Email spam detection using support vector machine classification.
Hello and welcome to another tutorial on RapidMiner, one of the best open source data mining tools available. This article will discuss how to use Support Vector Machine classification in RapidMiner to determine spam in your pop3 email account. Since we will read email from a pop3 or imap account, you may want to check out my previous post Text mining: How to mine e-mail data from an IMAP account using RapidMiner.
Unlike my other tutorials, this tutorial will explain a RapidMiner solution that consists of two processes. The first process will be used to create a support vector machine classification model that is trained to identify two classes of text documents, spam and not spam. We will then store the model in the RapidMiner repository for use in the second process. The second process will will read through an email account that you specify and classify each email as spam or not spam based on the SVM model that you created in the first process. The methods used in these processes can be used to classify many different types of documents.
Process one: Train the model using text files
In the first process, we will use the "Read Documents" operator to read two directories where you will create text files that represent examples of spam and non spam emails. It's important to remember that the more examples used, the better the model will turn out when it's time to classify unlabeled emails. As you may know, the process documents operator contains a subprocess (identified by the little blue box in the bottom right corner). When you double click on the blue box, you can add operators that will process the documents that are read through the main operator. When dealing with text mining to generator word vectors, there are several operators that you will find yourself using often. In this particular example, you will use the Transform Case operator (to change all words to lowercase), Tokenize (separate words into tokens, FilterTokens (By Length) (Only process words that are at least 4 characters in length), Stem (Snowball) (This operator will change a word into it's "base word"), and finally filter stopwords which will remove common words that have no meaning. The process documents operator has a property called Text directories with a button titled "Edit List". You will click this button and create two entries. The class name represents the classes that you will use for classification. The directory will represent the directory that contains the training text files that you've created for each class. For our experiment, we will create a class called Spam and provide a directory that contains text files where you've copied and pasted the text from legitimate emails. The other class will be called not spam and the directory will contain text files full of spam email messages. Please understand that the efficiency of the model will depend on the number of examples that you provide.
Here is an image of the first process that we will use to train and store the model.
As you can see, we have a Read Documents operator, a X-Validation operator (cross validation) to calculate the performance of our model, and two Store operators that allow us to store the word vectors created from Process Documents and to store the SVM model which comes from the output of the cross validation operator. Both the Process document and X-Validation operators are both nested processes (which means they contain sub processes). I will provide screen shots so you can see how each process is setup in the sub process areas.
Run the process to save the model and to view the performance of the model.
The next process, we will read the SVM model that we stored to the repository in process 1 and use it to classify emails from the Process Documents From Email Store operator. This process is pretty straightforward.

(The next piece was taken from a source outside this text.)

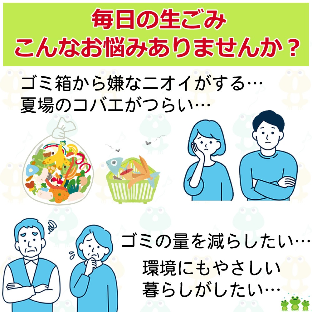 電気代ゼロで、環境にも家計にもやさしい生ごみ処理機です。

Simply add a Read operator to read the model from the repository. Next add a Read Documents From Email Store operator to read documents to be classified by the model. If you need to know how to set the properties on the Read Documents From Mail Store operator, please check out my previous article Text mining: How to mine e-mail data from an IMAP account using RapidMiner .
Here is how the 2nd process should look:
The Read operator will read the previously trained SVM model from the repository and we will use the apply model to get the classification. We will also create a process documents from mail store operator to read email messages and use them as the unlearned input to the apply model. The read documents from mail store sub process contains the same text mining operators as used in the process documents operator in process one. Next just run the process and you will see all emails and their predicted class.
Remember, the class properties of the model are arbitrary, you could just as easily set them to Positive/Negative, Good/Bad, Happy/Sad, etc. This process can be used for many different applications such as sentiment analysis.
Thanks for reading!